Doctors perform Endovascular Thrombectomy to save an elderly woman

Endovascular-Thrombectomy

~The senior suffered an Acute stroke at the time of Chemotherapy; Doctors at the hospital performed emergency life-saving surgery~

A 72yr old woman while undergoing Oral Chemotherapy for Lung Cancer, suddenly developed severe weakness on the right side of her body and face which also affected her speech. She was doing reasonably well before the incident. She was brought to the Emergency Department of Hiranandani Hospital, Vashi- A Fortis Network Hospital where she was attended to by the Stroke Team headed by Dr Pawan Ojha, Consultant Neurologist and Stroke Specialist.

Endovascular-Thrombectomy

The patient was rushed for an MRI of the Brain which revealed complete blockage of the main blood vessel i.e. the Left Internal Carotid Artery causing significant brain infarcts(strokes) and damage due to lack of blood supply. In such a situation, the patient is usually treated within 4.5 hours of stroke onset using a clot buster medicine names Actilyse, administered by an intravenous route. Doctors were not able to administer this medicine as she had tendency to bleeding which was caused due to a very low platelet count. It was decided to remove the clot using a technique named ‘Endovascular Thrombectomy’. The procedure is routinely performed in the Cath Lab of this hospital for patients with acute stroke caused due to blocked Brain arteries. This procedure needs to be performed within a 6-8hrs of the onset of stroke, earlier the procedure, better the chances of a good outcome.

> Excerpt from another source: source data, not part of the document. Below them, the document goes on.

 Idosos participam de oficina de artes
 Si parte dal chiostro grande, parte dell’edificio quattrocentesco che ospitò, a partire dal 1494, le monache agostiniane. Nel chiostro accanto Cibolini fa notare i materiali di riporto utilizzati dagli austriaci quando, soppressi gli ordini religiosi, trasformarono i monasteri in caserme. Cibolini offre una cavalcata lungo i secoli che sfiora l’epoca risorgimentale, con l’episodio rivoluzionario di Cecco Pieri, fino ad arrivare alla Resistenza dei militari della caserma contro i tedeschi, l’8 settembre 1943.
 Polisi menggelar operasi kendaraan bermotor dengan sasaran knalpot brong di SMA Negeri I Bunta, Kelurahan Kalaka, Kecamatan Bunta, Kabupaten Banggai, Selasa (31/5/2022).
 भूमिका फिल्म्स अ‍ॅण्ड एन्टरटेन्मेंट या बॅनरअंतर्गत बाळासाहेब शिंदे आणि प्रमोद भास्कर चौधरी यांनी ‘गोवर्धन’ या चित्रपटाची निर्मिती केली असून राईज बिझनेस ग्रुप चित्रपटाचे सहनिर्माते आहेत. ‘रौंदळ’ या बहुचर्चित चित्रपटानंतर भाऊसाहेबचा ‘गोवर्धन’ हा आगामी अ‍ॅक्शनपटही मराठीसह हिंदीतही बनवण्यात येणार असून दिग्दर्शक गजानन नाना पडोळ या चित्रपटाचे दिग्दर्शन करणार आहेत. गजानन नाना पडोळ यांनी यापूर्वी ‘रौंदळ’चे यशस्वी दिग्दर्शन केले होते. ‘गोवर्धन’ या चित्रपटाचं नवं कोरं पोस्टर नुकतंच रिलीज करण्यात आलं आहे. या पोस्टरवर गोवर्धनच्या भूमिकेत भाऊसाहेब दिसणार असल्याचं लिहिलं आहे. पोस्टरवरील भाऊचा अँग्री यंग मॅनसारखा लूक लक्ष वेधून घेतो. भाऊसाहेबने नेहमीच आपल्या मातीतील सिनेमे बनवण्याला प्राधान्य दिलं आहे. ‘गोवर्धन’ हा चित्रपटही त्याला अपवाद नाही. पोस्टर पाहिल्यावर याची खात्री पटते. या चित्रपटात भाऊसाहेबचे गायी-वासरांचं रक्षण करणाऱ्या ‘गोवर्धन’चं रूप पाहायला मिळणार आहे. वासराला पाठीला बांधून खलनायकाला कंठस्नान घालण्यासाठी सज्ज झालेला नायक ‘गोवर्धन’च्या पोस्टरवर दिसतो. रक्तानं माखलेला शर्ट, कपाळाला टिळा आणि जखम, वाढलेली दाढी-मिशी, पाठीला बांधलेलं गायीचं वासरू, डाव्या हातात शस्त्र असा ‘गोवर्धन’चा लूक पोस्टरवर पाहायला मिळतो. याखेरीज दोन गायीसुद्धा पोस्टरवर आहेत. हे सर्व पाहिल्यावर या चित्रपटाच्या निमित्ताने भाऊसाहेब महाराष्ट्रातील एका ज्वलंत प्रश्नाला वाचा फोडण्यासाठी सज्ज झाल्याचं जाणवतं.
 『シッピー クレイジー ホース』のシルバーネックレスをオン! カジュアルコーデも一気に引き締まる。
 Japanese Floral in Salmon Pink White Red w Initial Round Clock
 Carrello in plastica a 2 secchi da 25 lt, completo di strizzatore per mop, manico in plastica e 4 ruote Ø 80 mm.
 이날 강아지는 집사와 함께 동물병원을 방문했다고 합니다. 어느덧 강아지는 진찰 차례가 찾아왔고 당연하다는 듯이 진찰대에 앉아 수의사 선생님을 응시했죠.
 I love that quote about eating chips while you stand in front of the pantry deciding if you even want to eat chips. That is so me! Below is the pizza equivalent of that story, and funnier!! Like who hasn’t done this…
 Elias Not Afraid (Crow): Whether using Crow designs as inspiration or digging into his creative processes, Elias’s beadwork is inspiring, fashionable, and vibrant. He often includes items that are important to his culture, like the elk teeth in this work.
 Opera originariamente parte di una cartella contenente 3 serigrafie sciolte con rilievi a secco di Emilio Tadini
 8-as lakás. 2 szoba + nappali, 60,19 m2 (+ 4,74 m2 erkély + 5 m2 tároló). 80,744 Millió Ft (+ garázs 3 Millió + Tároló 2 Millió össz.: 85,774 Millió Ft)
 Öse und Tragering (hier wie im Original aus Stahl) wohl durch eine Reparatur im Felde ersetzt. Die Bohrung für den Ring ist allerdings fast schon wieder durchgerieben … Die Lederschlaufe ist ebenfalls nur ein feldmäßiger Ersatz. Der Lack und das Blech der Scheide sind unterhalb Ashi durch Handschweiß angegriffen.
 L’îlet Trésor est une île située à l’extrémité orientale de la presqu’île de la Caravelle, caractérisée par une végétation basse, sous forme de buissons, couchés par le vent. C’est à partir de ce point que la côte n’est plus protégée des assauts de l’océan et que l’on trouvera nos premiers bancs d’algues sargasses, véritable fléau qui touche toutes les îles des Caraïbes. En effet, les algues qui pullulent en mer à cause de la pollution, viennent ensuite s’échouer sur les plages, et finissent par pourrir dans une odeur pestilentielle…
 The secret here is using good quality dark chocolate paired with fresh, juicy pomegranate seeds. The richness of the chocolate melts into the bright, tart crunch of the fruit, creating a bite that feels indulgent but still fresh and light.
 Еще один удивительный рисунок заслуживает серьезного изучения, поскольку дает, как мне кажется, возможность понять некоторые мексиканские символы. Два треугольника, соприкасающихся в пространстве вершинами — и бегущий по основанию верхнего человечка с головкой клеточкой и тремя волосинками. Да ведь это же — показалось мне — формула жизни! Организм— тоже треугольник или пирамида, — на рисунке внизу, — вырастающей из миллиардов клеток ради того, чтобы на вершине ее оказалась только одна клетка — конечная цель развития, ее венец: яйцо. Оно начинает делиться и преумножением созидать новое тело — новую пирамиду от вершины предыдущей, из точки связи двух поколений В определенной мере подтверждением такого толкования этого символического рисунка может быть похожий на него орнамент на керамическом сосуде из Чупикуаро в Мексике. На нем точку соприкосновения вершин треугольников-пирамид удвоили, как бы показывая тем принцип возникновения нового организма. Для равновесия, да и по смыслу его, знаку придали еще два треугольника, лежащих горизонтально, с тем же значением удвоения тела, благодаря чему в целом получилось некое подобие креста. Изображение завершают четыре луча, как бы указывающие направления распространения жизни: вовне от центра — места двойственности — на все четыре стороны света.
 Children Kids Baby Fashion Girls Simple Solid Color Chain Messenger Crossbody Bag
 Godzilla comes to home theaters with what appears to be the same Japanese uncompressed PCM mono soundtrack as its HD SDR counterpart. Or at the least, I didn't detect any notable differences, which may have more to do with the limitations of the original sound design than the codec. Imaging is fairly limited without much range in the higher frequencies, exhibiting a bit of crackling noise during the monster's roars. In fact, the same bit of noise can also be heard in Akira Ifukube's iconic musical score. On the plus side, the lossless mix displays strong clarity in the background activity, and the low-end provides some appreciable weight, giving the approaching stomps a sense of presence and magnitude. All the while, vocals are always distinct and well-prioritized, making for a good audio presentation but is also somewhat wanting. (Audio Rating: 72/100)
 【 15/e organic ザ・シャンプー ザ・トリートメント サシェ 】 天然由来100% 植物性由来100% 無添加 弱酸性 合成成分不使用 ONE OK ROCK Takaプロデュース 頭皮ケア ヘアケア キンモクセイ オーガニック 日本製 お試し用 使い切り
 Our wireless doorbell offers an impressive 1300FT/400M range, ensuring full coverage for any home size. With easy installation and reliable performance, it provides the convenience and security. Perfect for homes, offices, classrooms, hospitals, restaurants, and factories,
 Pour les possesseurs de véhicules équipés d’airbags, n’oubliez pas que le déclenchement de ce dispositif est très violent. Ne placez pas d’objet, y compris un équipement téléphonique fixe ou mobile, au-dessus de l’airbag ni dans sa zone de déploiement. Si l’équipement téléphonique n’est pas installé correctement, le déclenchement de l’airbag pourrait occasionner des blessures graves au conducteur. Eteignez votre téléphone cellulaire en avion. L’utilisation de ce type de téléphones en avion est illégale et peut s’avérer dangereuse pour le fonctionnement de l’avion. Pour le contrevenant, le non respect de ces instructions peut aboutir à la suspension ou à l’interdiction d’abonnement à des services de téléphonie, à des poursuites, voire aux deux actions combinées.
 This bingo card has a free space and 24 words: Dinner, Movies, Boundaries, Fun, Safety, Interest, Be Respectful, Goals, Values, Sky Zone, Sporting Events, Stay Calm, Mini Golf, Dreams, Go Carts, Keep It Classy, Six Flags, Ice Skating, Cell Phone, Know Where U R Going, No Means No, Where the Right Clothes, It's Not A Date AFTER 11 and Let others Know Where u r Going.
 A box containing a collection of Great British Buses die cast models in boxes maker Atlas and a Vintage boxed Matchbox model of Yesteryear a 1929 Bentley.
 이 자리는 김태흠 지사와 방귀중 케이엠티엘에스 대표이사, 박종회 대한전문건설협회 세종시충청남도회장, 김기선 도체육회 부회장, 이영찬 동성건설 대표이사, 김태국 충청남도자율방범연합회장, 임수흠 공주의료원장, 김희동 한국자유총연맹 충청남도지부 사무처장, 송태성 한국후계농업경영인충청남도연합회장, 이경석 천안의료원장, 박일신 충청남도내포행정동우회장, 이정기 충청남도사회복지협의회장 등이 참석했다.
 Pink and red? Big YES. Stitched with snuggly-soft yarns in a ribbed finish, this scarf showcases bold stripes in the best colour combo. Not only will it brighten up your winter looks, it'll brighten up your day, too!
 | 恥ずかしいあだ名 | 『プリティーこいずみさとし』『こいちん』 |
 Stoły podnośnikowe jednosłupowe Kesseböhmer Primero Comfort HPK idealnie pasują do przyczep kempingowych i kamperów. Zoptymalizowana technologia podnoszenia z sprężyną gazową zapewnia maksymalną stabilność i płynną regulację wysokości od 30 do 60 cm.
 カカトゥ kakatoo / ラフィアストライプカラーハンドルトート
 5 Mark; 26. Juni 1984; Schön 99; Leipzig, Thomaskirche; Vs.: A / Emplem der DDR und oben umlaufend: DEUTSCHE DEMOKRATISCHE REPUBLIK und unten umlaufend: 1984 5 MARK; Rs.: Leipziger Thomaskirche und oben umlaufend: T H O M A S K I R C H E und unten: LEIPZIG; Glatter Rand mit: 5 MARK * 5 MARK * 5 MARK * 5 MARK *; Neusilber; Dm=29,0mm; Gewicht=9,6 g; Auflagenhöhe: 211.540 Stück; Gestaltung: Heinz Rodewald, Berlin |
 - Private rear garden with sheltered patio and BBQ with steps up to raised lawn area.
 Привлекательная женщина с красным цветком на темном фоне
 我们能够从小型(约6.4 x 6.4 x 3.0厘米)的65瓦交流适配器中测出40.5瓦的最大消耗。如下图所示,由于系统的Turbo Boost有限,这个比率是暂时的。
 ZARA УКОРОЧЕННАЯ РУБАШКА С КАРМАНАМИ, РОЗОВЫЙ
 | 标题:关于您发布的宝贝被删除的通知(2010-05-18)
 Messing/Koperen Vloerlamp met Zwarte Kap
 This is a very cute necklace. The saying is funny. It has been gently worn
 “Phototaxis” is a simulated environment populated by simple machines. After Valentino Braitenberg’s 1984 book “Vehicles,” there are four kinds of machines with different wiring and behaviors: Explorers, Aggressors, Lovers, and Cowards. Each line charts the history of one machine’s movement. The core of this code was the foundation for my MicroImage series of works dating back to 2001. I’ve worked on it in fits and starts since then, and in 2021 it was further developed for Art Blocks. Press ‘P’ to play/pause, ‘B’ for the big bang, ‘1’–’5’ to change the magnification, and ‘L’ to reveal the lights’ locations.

The procedure was done by a team of Neuro-Intervention Specialists and multiple bits of clots were removed immediately, restoring blood supply to the affected brain areas. The patient responded well to procedure and after a few hours was able to move her right limbs, however continued having some difficulty in speaking and swallowing food due to residual brain damage. After conducting a repeat MRI Brain angiogram, the scans showed complete resolution and small residual area of brain damage. If the procedure hadn’t been conducted, there was a high possibility of damage to the entire left side of the brain resulting into severe swelling and higher risk of death due to complications.

A similar clot was found in the right leg artery which caused the patient intolerable pain and blackish discoloration of the right foot. With the help of Dr Brajesh Kumar Kunwar, Interventional Cardiologist at the hospital, the clot was extracted in the Cath Lab, using a similar procedure. The patient had a difficult time coping with severe bodily weakness as her platelets were extremely low and she had difficulty in breathing due to underlying Pneumonia. She underwent physiotherapy and was initially fed using a nasogastric tube. A magnetic stimulation device was used which took care of residual spasticity and fastened recovery.

Speaking about the procedure Dr Pawan Ojha Consultant Neurologist & Stroke Specialist, said “The patient has responded well to the procedure and the overall treatment, her health is now improving. Her feeding tube has been removed. She is able to use her limbs fully, is able to talk, walk and eat by herself and is currently visiting the hospital for follow-ups. There are practically no residual symptoms of stroke”.